### Work to complete
Reproduce the listing below exactly, beginning with its first line and ending with the line that holds "Подвесной светильник Delight"; pictures are not part of the copy.
^^^^^^^^
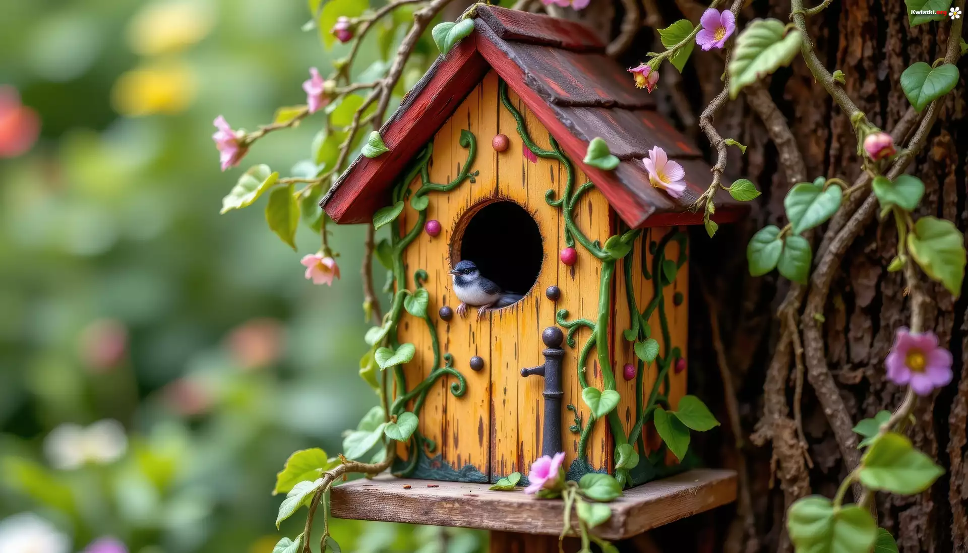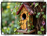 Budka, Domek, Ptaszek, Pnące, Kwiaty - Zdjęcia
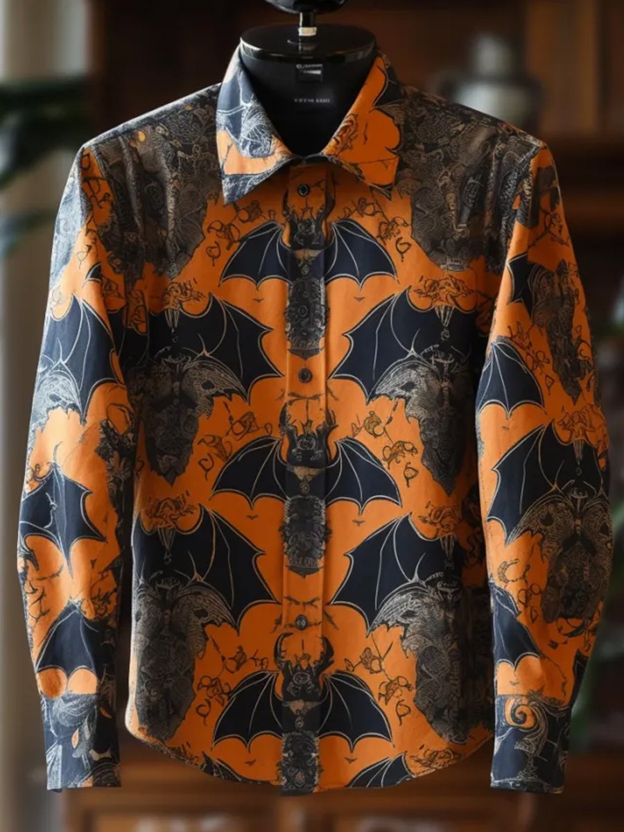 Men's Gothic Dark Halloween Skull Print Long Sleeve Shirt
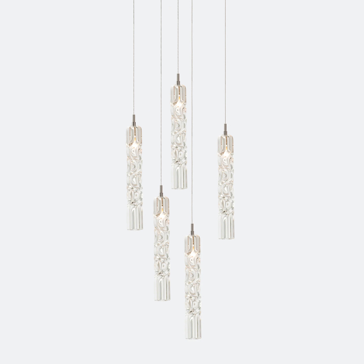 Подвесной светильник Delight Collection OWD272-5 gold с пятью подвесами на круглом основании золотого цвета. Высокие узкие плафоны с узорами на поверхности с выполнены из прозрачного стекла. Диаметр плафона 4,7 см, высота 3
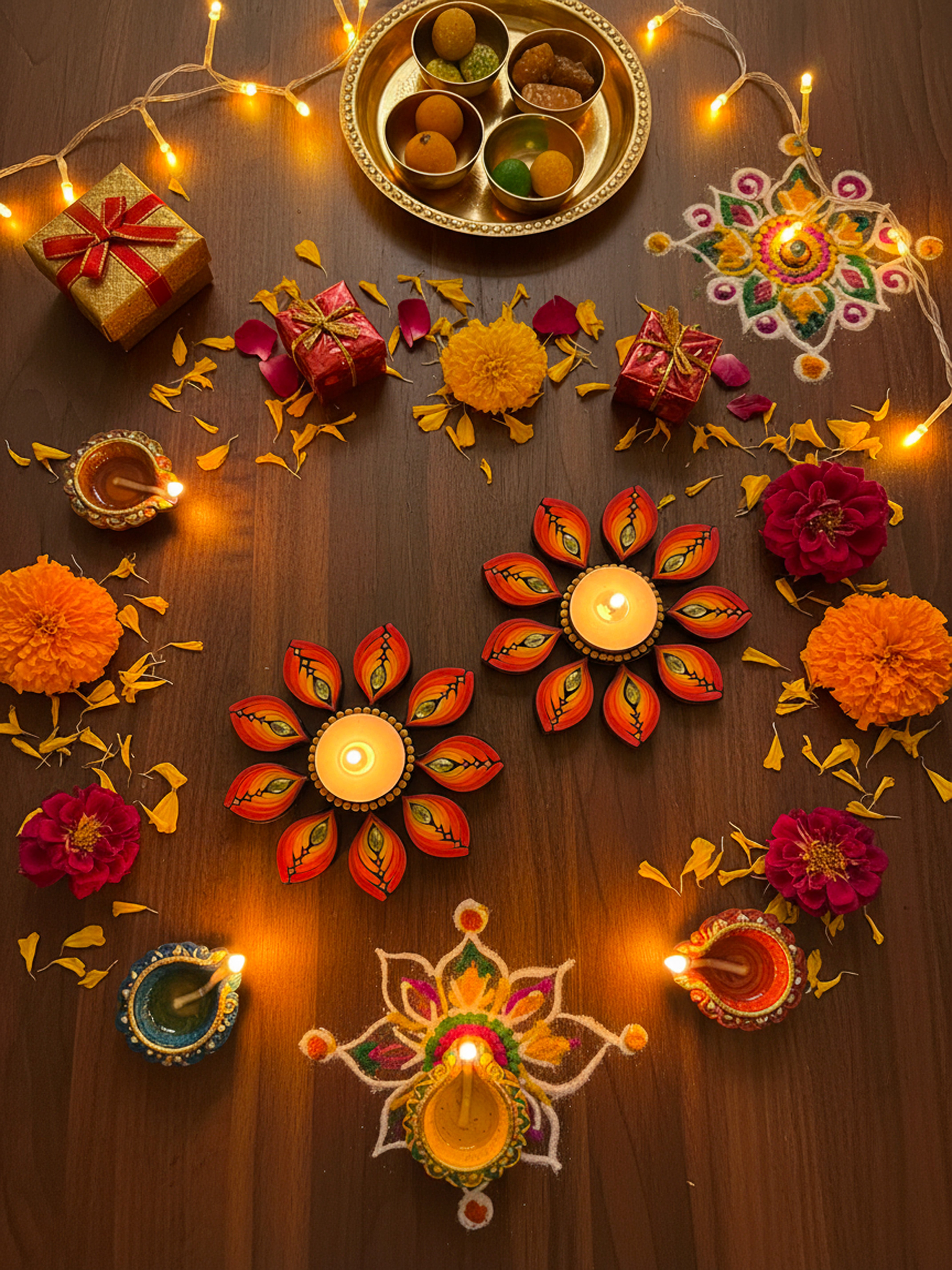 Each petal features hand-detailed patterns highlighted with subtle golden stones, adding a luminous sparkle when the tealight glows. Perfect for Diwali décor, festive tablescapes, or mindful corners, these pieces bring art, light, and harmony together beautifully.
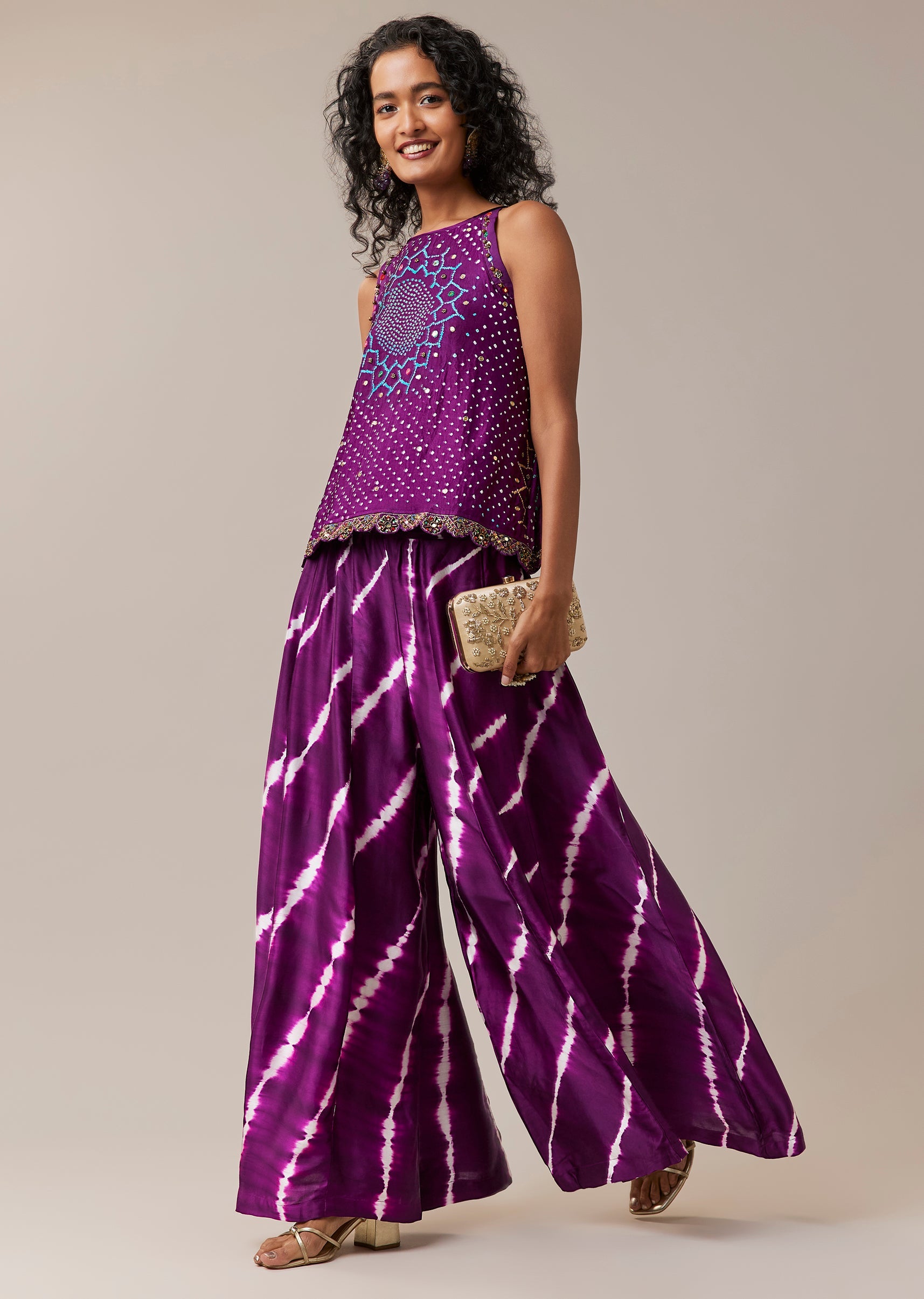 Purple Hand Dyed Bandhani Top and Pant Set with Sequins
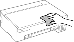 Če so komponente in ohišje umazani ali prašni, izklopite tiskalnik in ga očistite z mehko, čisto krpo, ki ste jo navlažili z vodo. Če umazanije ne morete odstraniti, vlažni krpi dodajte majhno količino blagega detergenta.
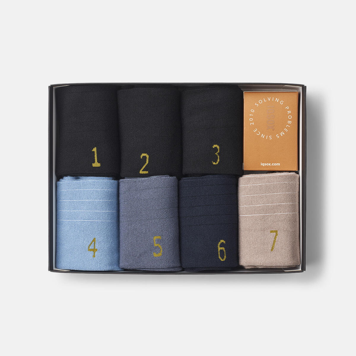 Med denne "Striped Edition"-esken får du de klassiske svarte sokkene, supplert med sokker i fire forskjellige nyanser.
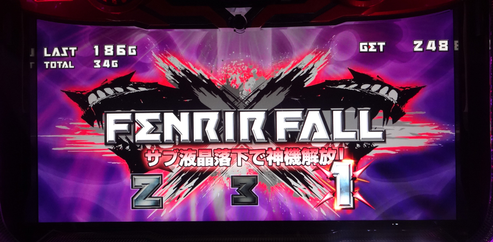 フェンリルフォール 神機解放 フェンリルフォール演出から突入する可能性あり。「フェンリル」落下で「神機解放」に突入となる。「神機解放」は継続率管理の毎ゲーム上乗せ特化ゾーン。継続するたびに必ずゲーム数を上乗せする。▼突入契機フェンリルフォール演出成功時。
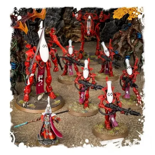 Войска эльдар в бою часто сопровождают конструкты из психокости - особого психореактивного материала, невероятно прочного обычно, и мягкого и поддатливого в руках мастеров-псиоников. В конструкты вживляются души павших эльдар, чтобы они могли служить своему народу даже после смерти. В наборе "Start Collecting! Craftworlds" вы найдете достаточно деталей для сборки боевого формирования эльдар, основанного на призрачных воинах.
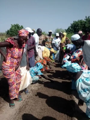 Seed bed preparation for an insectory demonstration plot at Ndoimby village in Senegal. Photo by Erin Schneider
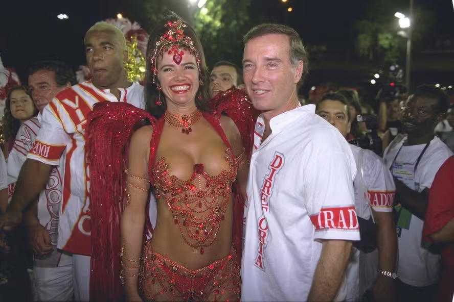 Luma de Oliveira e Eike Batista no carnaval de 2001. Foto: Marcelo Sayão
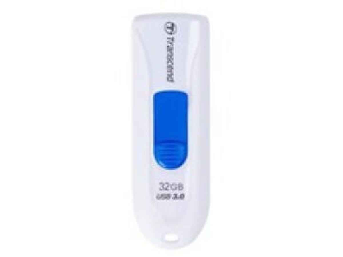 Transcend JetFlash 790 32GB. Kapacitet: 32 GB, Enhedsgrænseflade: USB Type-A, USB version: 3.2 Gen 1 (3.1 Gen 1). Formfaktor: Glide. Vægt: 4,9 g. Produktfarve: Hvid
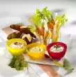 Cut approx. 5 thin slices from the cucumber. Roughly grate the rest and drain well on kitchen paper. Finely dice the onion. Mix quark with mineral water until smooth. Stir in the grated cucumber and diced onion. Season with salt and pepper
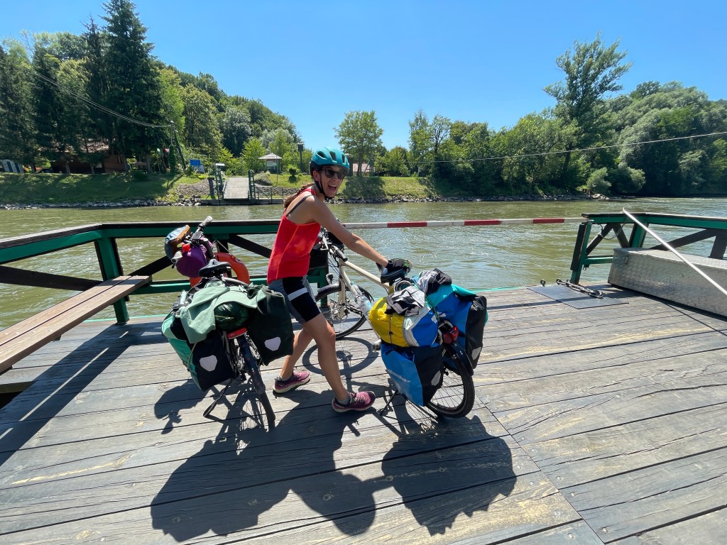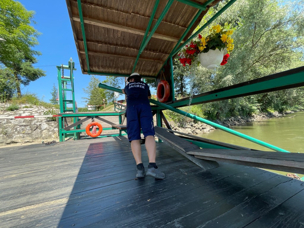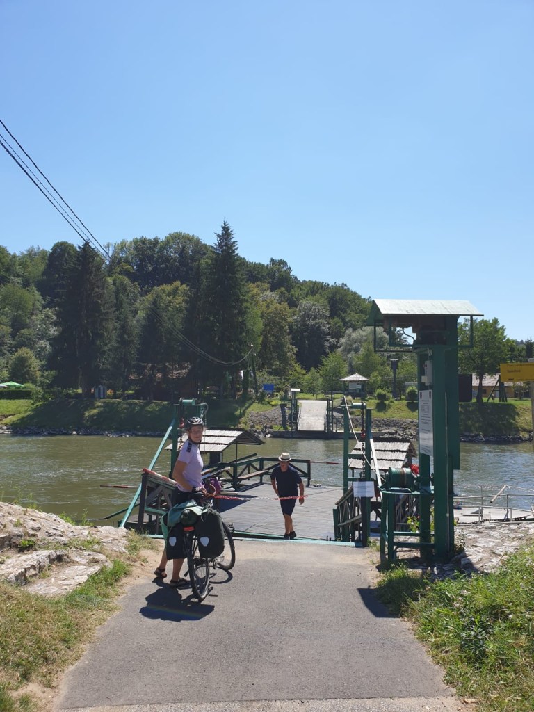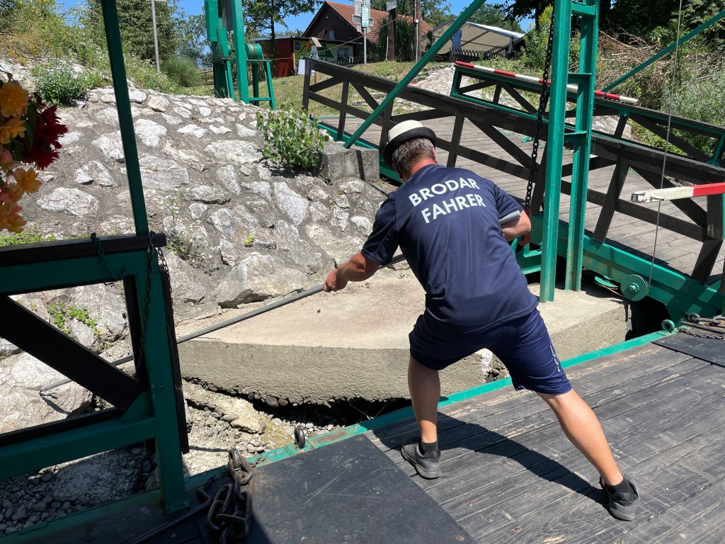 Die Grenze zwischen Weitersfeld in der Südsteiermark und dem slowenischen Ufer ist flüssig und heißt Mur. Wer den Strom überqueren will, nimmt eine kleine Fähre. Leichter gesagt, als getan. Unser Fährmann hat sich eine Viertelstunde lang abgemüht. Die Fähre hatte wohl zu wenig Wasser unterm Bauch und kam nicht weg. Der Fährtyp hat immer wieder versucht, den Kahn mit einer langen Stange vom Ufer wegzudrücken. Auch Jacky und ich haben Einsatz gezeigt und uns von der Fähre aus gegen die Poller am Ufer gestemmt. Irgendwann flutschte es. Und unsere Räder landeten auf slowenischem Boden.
^^^^^^^^
### Expected answer
 Budka, Domek, Ptaszek, Pnące, Kwiaty - Zdjęcia
 Men's Gothic Dark Halloween Skull Print Long Sleeve Shirt
 Подвесной светильник Delight Collection OWD272-5 gold с пятью подвесами на круглом основании золотого цвета. Высокие узкие плафоны с узорами на поверхности с выполнены из прозрачного стекла. Диаметр плафона 4,7 см, высота 3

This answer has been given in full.